Mais ici surgit une première difficulté : du fait que le nombre d'anneaux nous indique l'âge de l'arbre, nous n'inférons pas qu'ils ont pour fonction d'indiquer l'âge de l'arbre, et il serait sans doute erroné de procéder à une telle inférence si nous n'avons aucune raison de le faire. En quoi serions-nous fondés à passer du fait que le nombre d'anneaux indique l'âge de l'arbre au fait que le nombre d'anneaux ait pour fonction d'indiquer l'âge de l'arbre ?

La réponse pourrait être la suivante : nous ne voyons pas en quoi nous serions fondés à croire que l'indication de l'âge de l'arbre puisse apporter une quelconque contribution à la survie de cet organisme.
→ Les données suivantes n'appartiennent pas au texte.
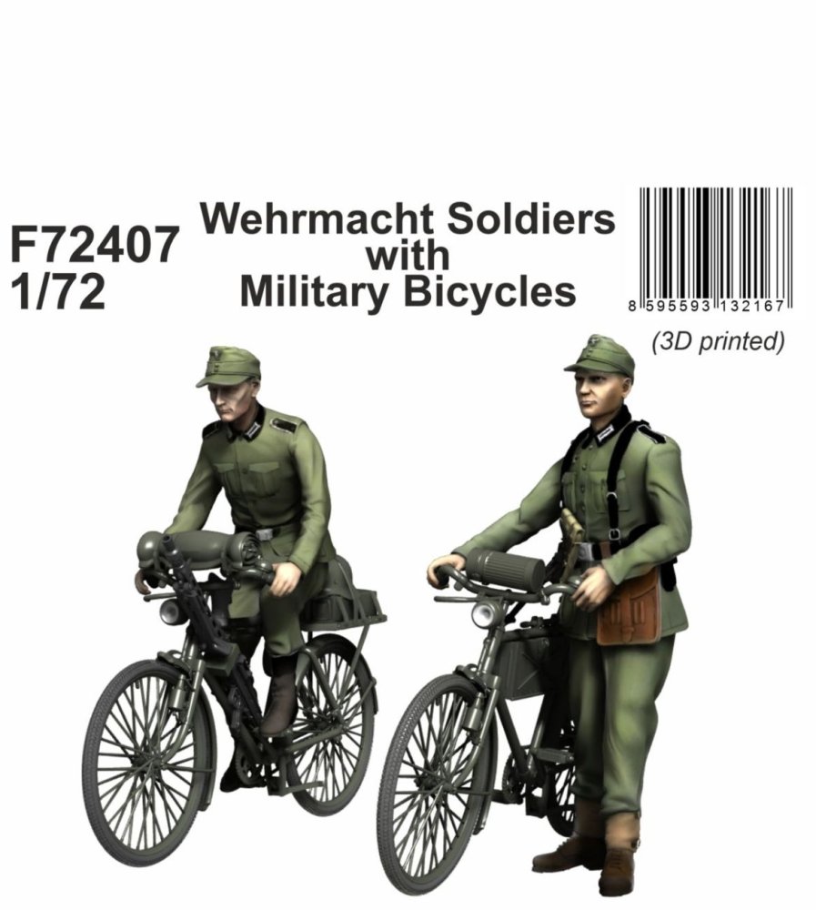 CMK - 1/72 Wehrmacht Soldiers with Military Bicycles The same pair of soldiers as in the 1/48 set, now scaled down to 1/72 and 3D printed. A pair of German soldiers with military type bicycles and armament. One soldier rides his bike, the other one pushes it besides him. The armament carried on the bikes is quite varied, from a rifle to a pair of panzerfausts. All parts 3D-printed with superb detail levels.

Alors qu'il semble bien que les états mentaux en tant qu'ils sont porteurs d'une information permettent dans beaucoup de cas à l'organisme de maintenir son homéostasie.

A ceux qui nous diraient que nous commettons une erreur de raisonnement assimilable au « paradigme de Pangloss », nous pouvons répondre que l'assignation d'une telle fonction ne va évidemment pas de soi, mais que nous ne devons l'écarter a priori que lorsque son absurdité est flagrante. Par exemple, nous pourrions supposer que l'arbre produit chaque année un anneau parce qu'il a l'espoir qu'il sera épargné lorsque les bûcherons viendront l'abattre et constateront son âge avancé et respectable. Cette expérience de pensée consiste à considérer quel bénéfice l'arbre pourrait trouver à la production de tels anneaux, et nous ne voyons pas quelle autre contribution la production de ceux-ci pourrait apporter à la survie de l'arbre (il n'y aurait en effet aucun bénéfice à ce qu'il soit informé de son âge). Mais nous devons écarter cette hypothèse absurde parce que la production d'anneaux ne peut remplir une telle fonction, étant donné que nous ne pouvons être informés précisément de l'âge de l'arbre qu'une fois qu'il a été tronçonné. Il n'est par contre pas absurde d'affirmer que l'intentionnalité de nos états mentaux contribue pour une large part à notre survie, et aurait été sélectionnée par l'évolution pour cette raison.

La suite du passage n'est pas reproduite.